Factor | Description |
---|---|
Number of replicas | The more replicas there are, the longer it may take to update data |
Operational environment | Factors such as network failures, packet loss, or heavy read/write workload can affect the inconsistency window |
Distance between replicas | Replicas located in different continents may have a larger inconsistency window |
Read your own writes
Read your own writes (RYOWs) ensures that when a client updates data (client A), subsequent reads from the same client (client A) will return the updated data value.
The following scenario explains the issue when a client is unable to read their own writes.
Replica 1 manages the client request to update information and sends the new information asynchronously to the other replicas. But there is a delay in updating Replica 3. In the meantime, the same client makes a read request, which goes to Replica 3, resulting in a stale read.
Tunable consistency
Adjustable consistency involves a trade-off between performance (e.g., latencies) and the inconsistency window. It depends on the following factors:
- N: Total number of replicas
- W: Number of replicas that need to finish updating before confirming the update
- R: Number of replicas to read from before returning a value
From a consistency standpoint, here are some examples:
- N=3, W=3: All replicas are consistent. Writes may fail if a replica is not accessible, which affects availability. This prioritizes Consistency-Partition Tolerance (CP) in the CAP theorem
- N=3, W=1: The inconsistency window occurs in 1 replica. If R=1, the result may be stale. This prioritizes availability over replica consistency or Availability-Partition Tolerance (AP)
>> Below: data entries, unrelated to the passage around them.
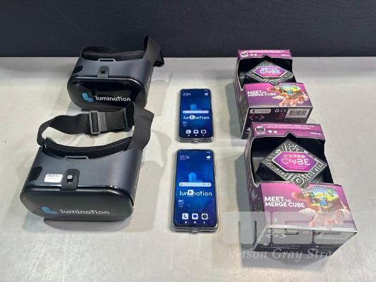 2 x HOMIDO V2 VR HEADSETS, 2 x XIAOMI REDMI NOTE 11 ANDROID SMARTPHONES, 64GB WITH USB-C CABLE, 2 x MERGE CUBES, MODEL ARC-01
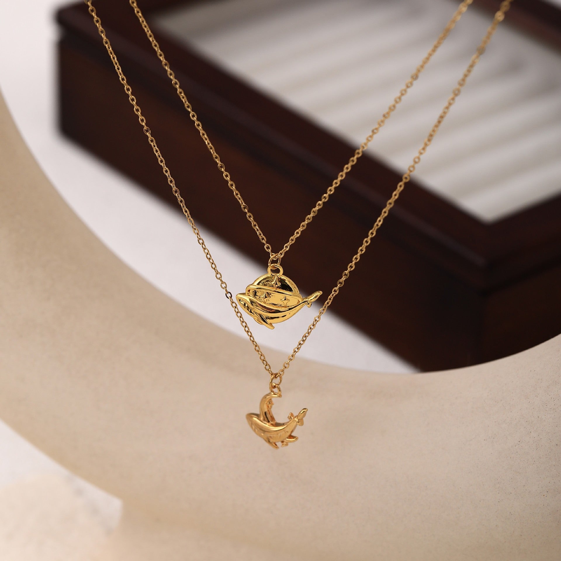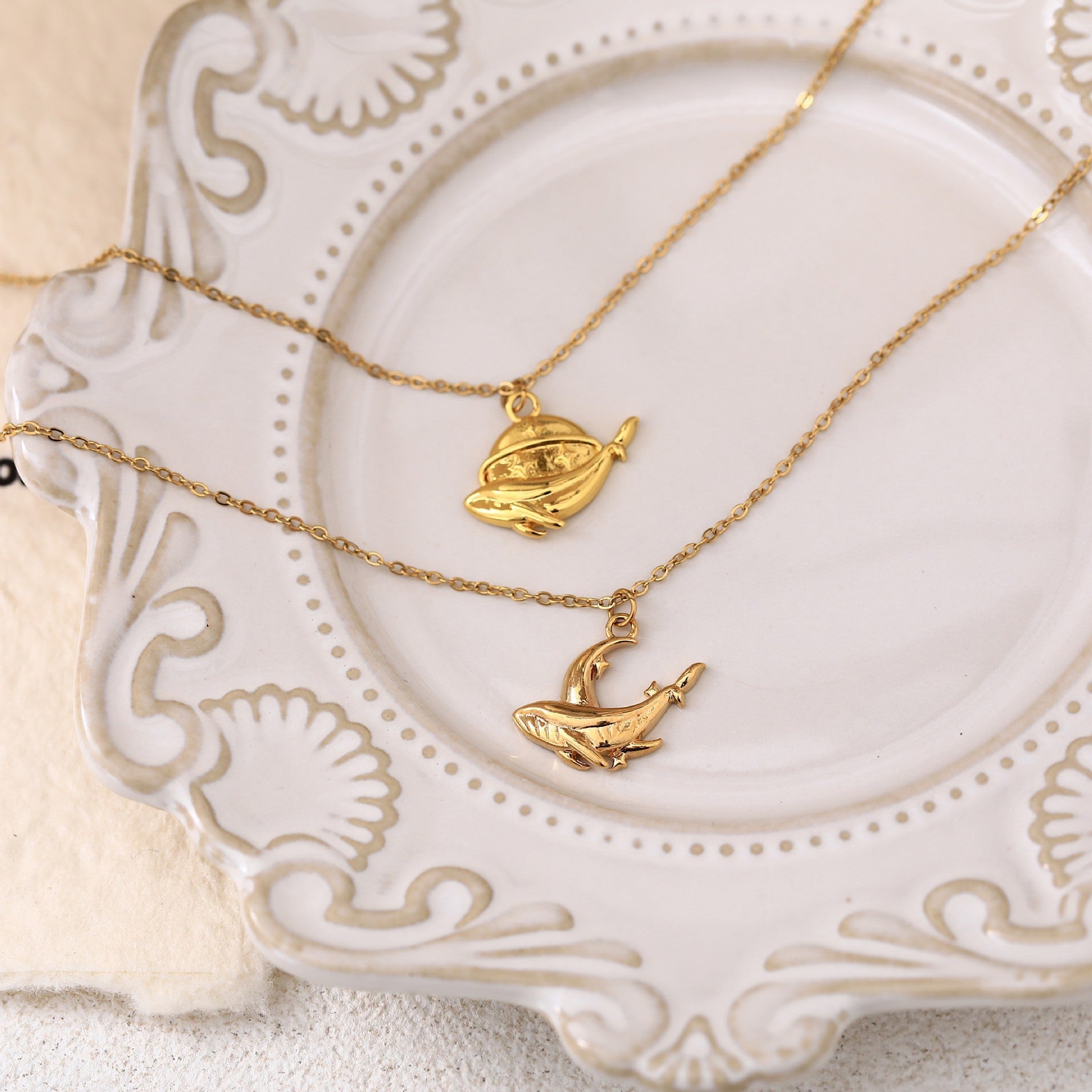 Stainless Steel Fashion Sun Moon Whale Necklace
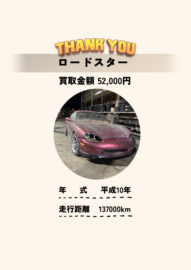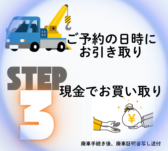 低年式車・過走行車・不動車・事故車すべて買取可能。税金などの還付金も受け取れます。
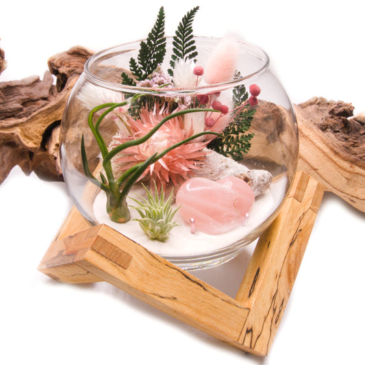 Terrarium à bol - cœur de quartz rose
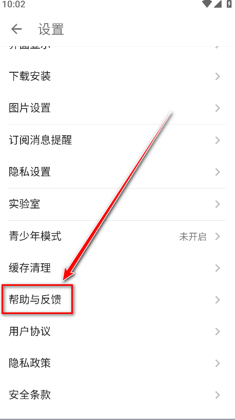 3.点击帮助与反馈。
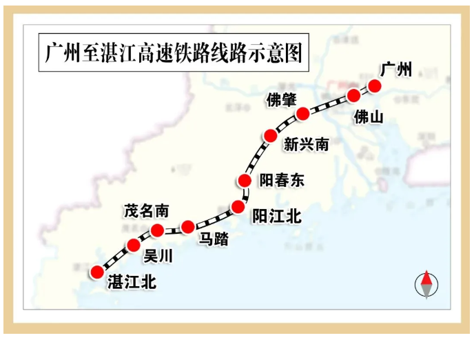 广湛高铁自广州站引出,向西经广东省佛山市、肇庆市、云浮市、阳江市、茂名市、湛江市,终至湛江北站,全长401公里,设计时速350公里,是连接粤港澳大湾区和海南自由贸易港、北部湾城市群高速铁路大通道的重要组成部分。

- R=N: An algorithm is used to determine which replica has the latest updated value
From the perspective of reads versus writes, here are two examples:
- W=N, R=1: This prioritizes both consistency and read latencies, resulting in slow writes
-
- W=1, R=N: This prioritizes both availability and write latencies, resulting in slow reads W=1, R=1: This allows for inconsistency but results in fast reads and writes
Quorum reads and writes
Quorum refers to the majority, which is (N / 2) + 1
. With N=3, a quorum means a write must be successful at 2 replicas, and a read must access 2 replicas. By reading and writing from the majority of replicas, read requests will see the latest version of an object. The following diagram shows how quorums work with 3 replicas.
- The object is updated by Client 1 with value v2 and the write is confirmed only after a quorum (replica 1 and replica 2) is updated
- However, the update command to Replica 3 experiences a delay, possibly due to slow network
- Client 2 performs a read on object k
- Replica 2 serves as the request coordinator and sends a read request to the other two replicas for their values for k. Replica 3 responds first with k=v1
- Replica 2 compares its value for k with that returned from Replica 1 and Replica 3 and determines that v2 is the most recently updated value. It then returns the value v2 to Client 2
However, in case of a network failure that splits a group of replicas such that the group visible to a client does not contain a quorum, the client's requests may fail.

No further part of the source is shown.